Тут подошел третий мужчина, плотного телосложения и коренастый – кажется, отец одноклассницы Генри, занимает высокую должность в банковском холдинге «Морган Стэнли». Очень, просто до неприличия богатый человек. Все трое то что-то рассказывали Малаге Альвес, то переговаривались друг с другом, а она просто стояла и смотрела на них, не принимая участия в беседе. Даже не кивала. Но все трое продолжали вертеться около нее. На глазах у изумленных Грейс и Сильвии подошел четвертый мужчина, якобы желая поздороваться со знакомым. Но, едва исполнив эту формальность, сосредоточил все внимание на Малаге Альвес.
Даже на Грейс, изучавшую социальную психологию, это удивительное проявление неприкрытого сексуального влечения произвело сильное впечатление. Да, черты лица у Малаги Альвес были непримечательные, и в целом в ее внешности не было ничего особенного. Более того, у этой женщины явно присутствовал лишний вес – достаточно посмотреть на ее пухлые щеки, полные руки и шею! Однако сочетание всех этих неприметных характеристик неожиданным образом давало совершенно сногсшибательный эффект. Наблюдать за мужчинами было забавно, но при этом их лицемерие вызывало у Грейс легкое чувство омерзения. Скорее всего, на этих четверых трудятся домработницы, внешне похожие на Малагу Альвес. Те же плоские черты лица и кремовая кожа, а под скромными униформами прячутся такие же пышные груди и бедра. Эти мужчины регулярно общаются с женщинами этой или родственных национальностей и на работе, и дома. Должно быть, прямо сейчас соотечественница Малаги Альвес присматривает за детьми кого-то из собравшихся или занимается стиркой. Но разве со знакомыми женщинами они ведут себя так же, как с этой, незнакомой? Нет – если, конечно, дорожат семьей и браком и не хотят, чтобы жена потребовала развода, подумала Грейс.

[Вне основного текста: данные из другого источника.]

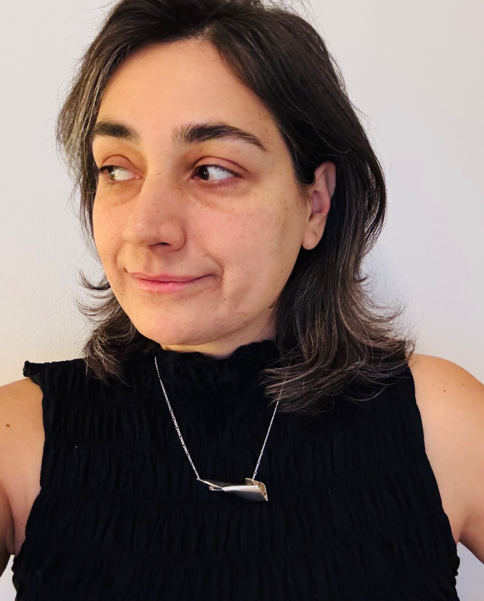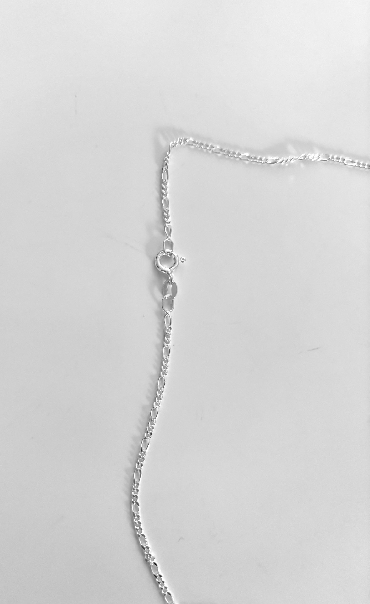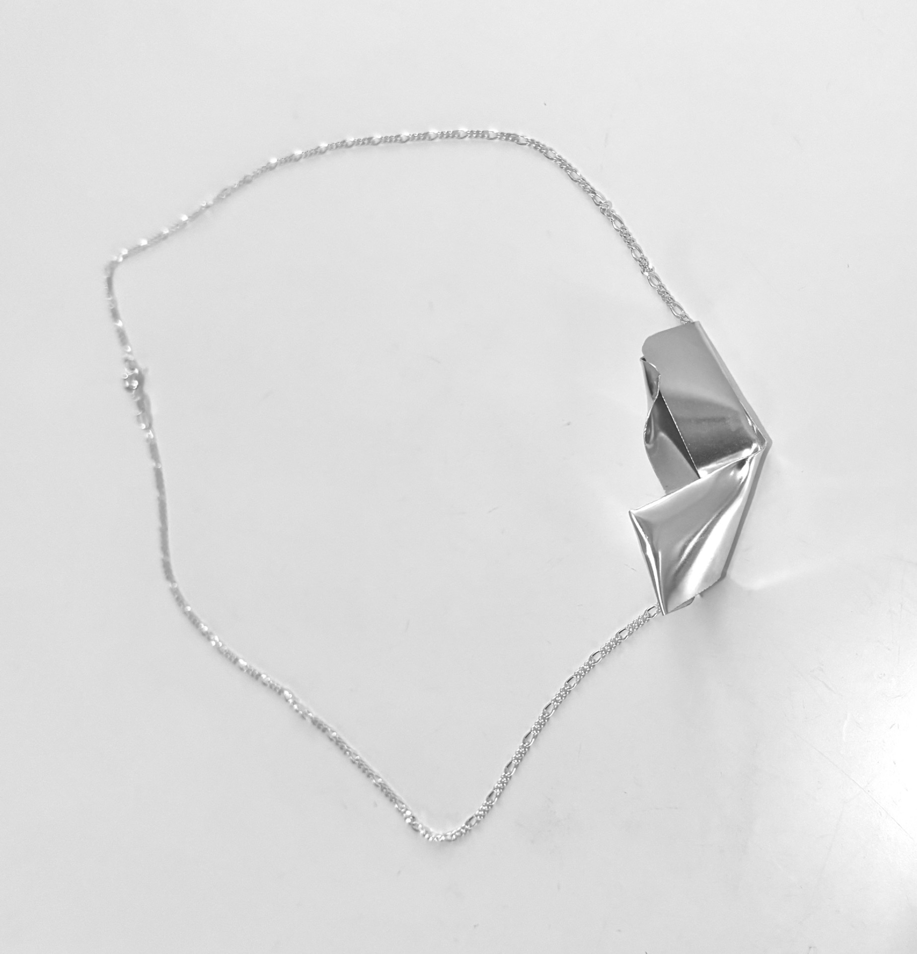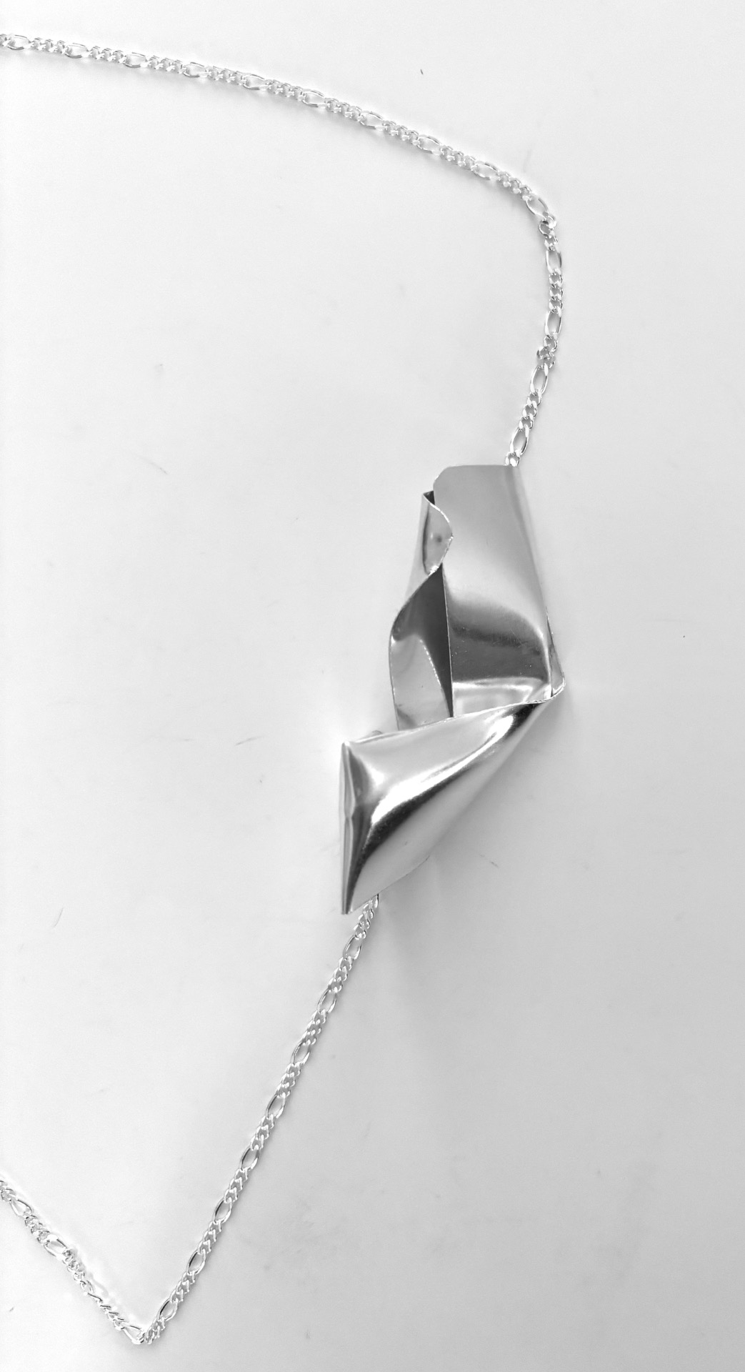 A stylish silver necklace with an abstract pendant. The necklace has a figaro chain in length 50cm with a secure clasp. Perfect for adding a tough touch to your outfit.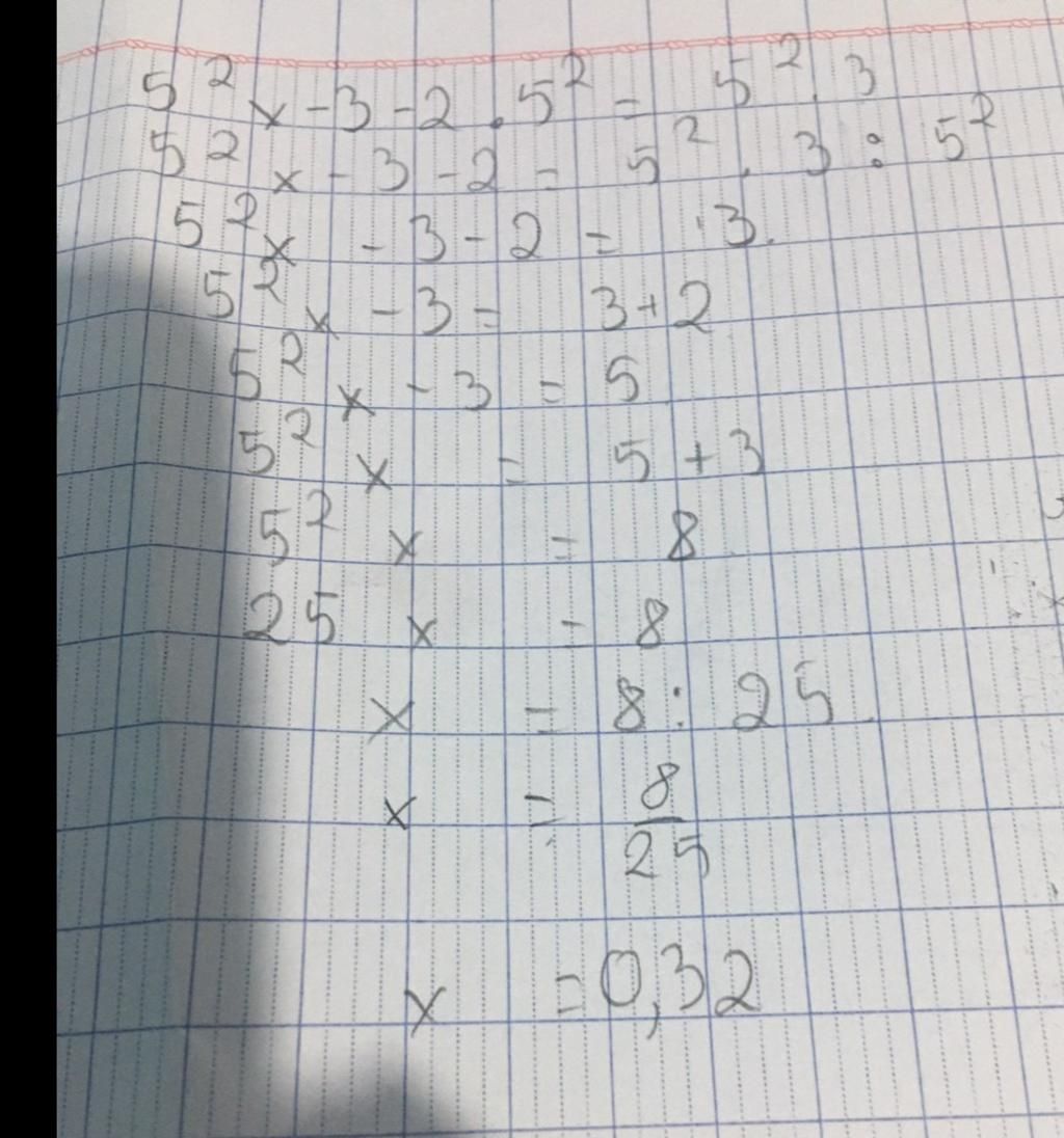 `5^(2x - 3 - 2) . 5^2 = 5^(2 . 3)`

В великолепном холле, больше напоминавшем зал, толпились суперухоженные женщины, признанные (и даже прославленные) красавицы, прибегшие ко всем существующим услугам индустрии красоты – аэробика, массаж, окрашивание волос, прическа, маникюр, педикюр, бразильская эпиляция. А эксклюзивные наряды! И все же мужчины, как пчелы на мед, слетались к скромной Малаге Альвес. Чары ее были просты, но при этом сокрушительно мощны, однако переливающиеся бриллиантами дамы их даже не замечали. Песня сирены, которую слышат только мужчины, подумала Грейс, обводя взглядом столпившихся у позолоченных стен и огромных окон гостей. Видимо, чтобы почувствовать этот эффект, без Y-хромосомы не обойтись.
Отдав пустой бокал одному из официантов, Грейс отправилась помогать Салли. Та доносила до сведения гостей, что пора переходить из холла в гостиную, причем наполовину вела их, наполовину гнала, точно пастушья собака овец. Сообразив, что скоро надо начинать аукцион, Сильвия разыскала своего приятеля – того самого, которому в школе не давалась тригонометрия. Теперь же он возглавлял в «Сотби» отдел, занимающийся американской мебелью. Это был лысый, очень худой и явно добросовестный мужчина – по крайней мере, к выбору наряда для аукциона отнесся продуманно и надел шелковый галстук-бабочку цветов Реардона, синего с зеленым. Сильвия вывела его на приподнятую платформу в углу комнаты.
– Всем добрый вечер! – прочирикала Салли в микрофон и стала стучать по нему длинным ногтем.
Собравшиеся прекратили разговоры и заткнули уши.
– Эта штука точно работает? – засомневалась Салли.
С удивительным единодушием толпа дала быстрый утвердительный ответ.
– Добрый вечер, дамы и господа! – повторила Салли. – Перед началом аукциона давайте поаплодируем нашим хозяевам, Джонасу и Сьюки Спенсер! Таким образом мы символически выразим благодарность за столь щедрое и любезное приглашение, – без малейшего энтузиазма предложила Салли. Потом так же неубедительно прибавила: – Все мы очень признательны.
Родители захлопали. Грейс присоединилась.
– Также хочу особо отметить весомый вклад членов нашего комитета. Спасибо за проделанную работу! – продолжила Салли. – Именно благодаря их самоотверженному труду все мы сегодня собрались здесь. Это они позаботились о нашем замечательном угощении и собрали множество чудесных лотов для аукциона. Итак, перечислим поименно. Аманда Эмери… Где Аманда?
– Я здесь! – прочирикала Аманда откуда-то из задней части гостиной и, подняв над покрашенной в яркий блондинистый оттенок головой руку с массивным сверкающим браслетом на запястье, энергично помахала.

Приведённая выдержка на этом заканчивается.